In two new papers, Rice University researchers report using ultracentrifugation (UCF) to create highly purified samples of carbon nanotube species.
One team, led by Rice Professor Junichiro Kono and graduate students Erik Haroz and William Rice, has made a small but significant step toward the dream of an efficient nationwide electrical grid that depends on highly conductive quantum nanowire.
The other, led by Rice Professor Bruce Weisman and graduate student Saunab Ghosh, employed UCF to prepare structurally sorted batches of semiconducting nanotubes that could find critical uses in medicine and electronics.
UCF is what it sounds like: a super-fast version of the centrifuge process medical lab technicians use to separate blood cells from plasma.
The process involves suspending mixtures of single-walled carbon nanotubes in combinations of liquids of different densities. When spun by a centrifuge at up to 250,000 g that's 250,000 times the force of gravity the nanotubes migrate to the liquids that match their own particular densities. After several hours in the centrifuge, the test tube becomes a colorful parfait with layers of purified nanotubes. Each species has its own electronic and optical characteristics, all of which are useful in various ways.
Weisman's lab reported its results in today's online edition of Nature Nanotechnology. Weisman is a professor of chemistry at Rice.
Kono's lab reported its results recently in the online edition of ACS Nano. Kono is a professor in electrical and computer engineering and professor of physics and astronomy.
The lack of pure batches of nanotubes species "has been a real hindrance in the field for nearly 20 years," Weisman said. While the UCF technique is not new, Ghosh found careful fine-tuning of the gradient structure let him sort at least 10 of the numerous species of nanotubes contained in a single sample produced by the Rice-created HiPco process.

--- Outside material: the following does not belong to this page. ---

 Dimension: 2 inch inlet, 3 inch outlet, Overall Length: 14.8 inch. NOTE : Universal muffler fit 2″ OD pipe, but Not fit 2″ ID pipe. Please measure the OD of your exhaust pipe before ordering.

Basic research is a big early winner, "because when you can get pure samples of nanotubes, you can learn so much more about them," Weisman said. "Secondly, some electronic applications become much simpler because the tube type determines the nanotube's band gap, a crucial electronic property." Biomedical applications may benefit by exploiting the optical properties of specific types of nanotubes.
In the Kono lab, metallic nanotubes rose to the top of the spinning vial while nearly all of the semiconducting nanotubes sank to the bottom. What surprised lead researchers Haroz and Rice was that nearly all of the metallic tubes were armchair SWNTs, the most desirable species for the manufacture of quantum nanowire. Zigzag and near-zigzag species, also considered metallic, would also sink out.

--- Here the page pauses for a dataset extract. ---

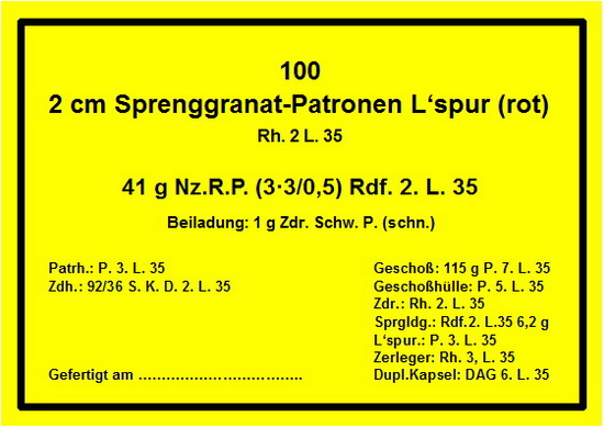 | Zusammenstellung der Inhaltszettel für Munition der Handfeuerwaffen und M.G. und Munitionsteile einschließlich der 2 cm Munition |

Armchair nanotubes are so-called because of their "U"-shaped end segments. Theoretically, armchairs are the most conductive nanotubes, letting electrons charge down the middle with nothing to slow them.
The composition of the gradient solution made a difference in the quality of the samples, Haroz said. "One of the surfactants we're using, sodium cholate, has a molecular structure that's similar to a nanotube -- basically hexagons put together," he said. "We think there's a match between the sodium cholate and the structure of nanotubes, and it binds just a little bit better to an armchair than it does to zigzags."

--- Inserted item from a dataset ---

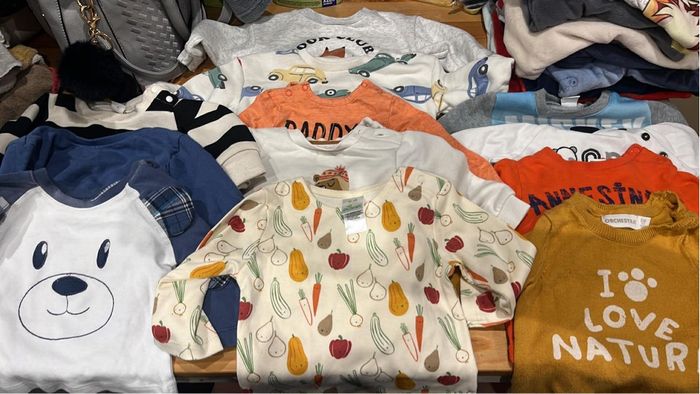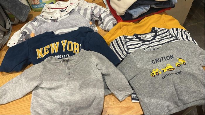 Lots de vêtements 6 mois Lots de pulls pantalons ensemble t shirt et salopettes 4 salopettes 4 tshirts 31 pantalons 3 ensembles 43 pulls

Hurdles remain in the path to quantum armchair nanowires that nanotechnology pioneer and Nobel laureate Richard Smalley, Haroz' first mentor at Rice who died in 2005, felt would be a panacea for many of the world's problems. Fix the distribution of energy and solutions to other challenges clean water, food, environmental woes will fall into place, he believed.
"Step 1 of the armchair quantum nanowire project is, 'Can we get armchairs?' We've done that," said Haroz. "Now let's make macroscopic structures -- not necessarily long cables, but small structures -- to test their conductivity."